Reputation: 35
There is a column in a table which can store up to 4000 characters. So for a given row, we need to write a query to display count of corresponding each distinct word in the sentence.
For e.g. the column has "Jack and Jill went up a hill. Jack came tumbling down"
Output :
<Word> - <Count>
Jack - 2
Jill - 1
hill - 1
and - 1
a - 1
came - 1 ... and so on
Upvotes: 0
Views: 674
Reputation: 60462
Since you tagged Teradata
you can use STRTOK_SPLIT_TO_TABLE
for the tokenizing part. Just add more characters to the separators list:
with cte as
(select
1 as keycol,
'Jack and Jill went up a hill. Jack came tumbling down' as col)
select keycol, token, count(*) as cnt
FROM TABLE (STRTOK_SPLIT_TO_TABLE(cte.keycol, cte.col,
' .,;:-?!()''"') -- list of separators
RETURNS (keycol INTEGER,
tokennum INTEGER,
token VARCHAR(100) CHARACTER SET UNICODE)
) AS d
group by 1,2
order by 1, cnt desc
But counting words might be much more complicated, as it usually includes tokenizing, stemming and stop words.
Upvotes: 1
Reputation: 17920
First , convert the words into rows and then group it.
In this query, we use a basic concept of row generation using CONNECT BY
.
For Example:
select level from dual CONNECT BY level <= 10;
The above query would generate 10 rows.(Hierarchical Level query).
Based on this simple logic, now we have to count the number of spaces here, and generate that many rows.REGEXP_COUNT(str,'[^ ]+')
would give the number of spaces in the sentence.
And using the level, extract a word from the sentence in each row. REGEXP_SUBSTR(str,'[^ ]+',1,level)
would do this.
You can play around with this query to handle other scenarios. Good Luck.
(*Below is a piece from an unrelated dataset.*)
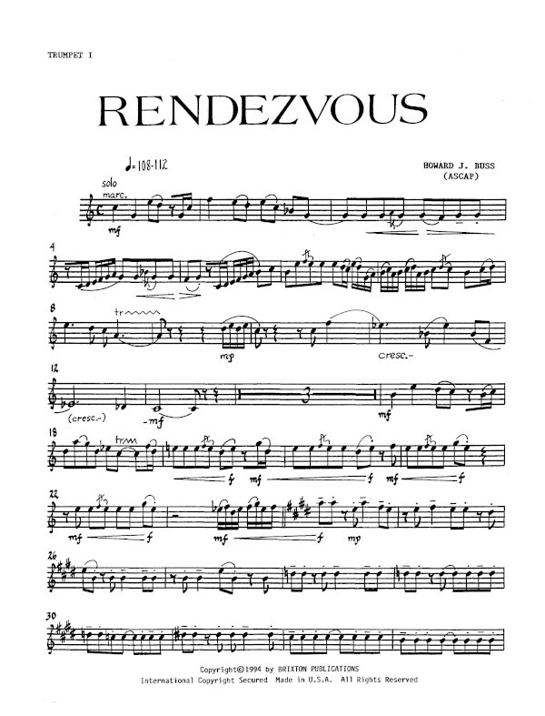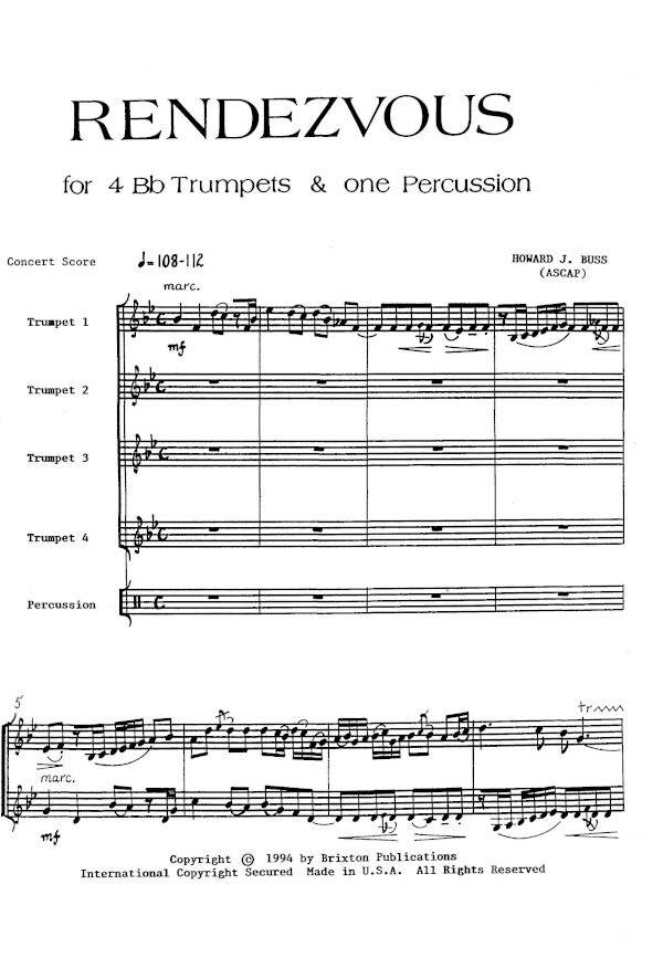 (1994, beginnt mit einer Fuge begleitet vom Xylophon, rhythmisch und harmonisch ist das Stück von Jazzele menten beeinflußt, 8 Min.) 4 Tr in B + Perc (1 Spieler)

with tokenised_rows(str) as(
SELECT REGEXP_SUBSTR('Jack and Jill went up a hill. Jack came tumbling down','[^ ]+',1,LEVEL)
FROM dual
CONNECT BY level <= REGEXP_COUNT('Jack and Jill went up a hill. Jack came tumbling down','[^ ]+')
)
select str,count(1) from tokenised_rows
group by str;
Upvotes: 0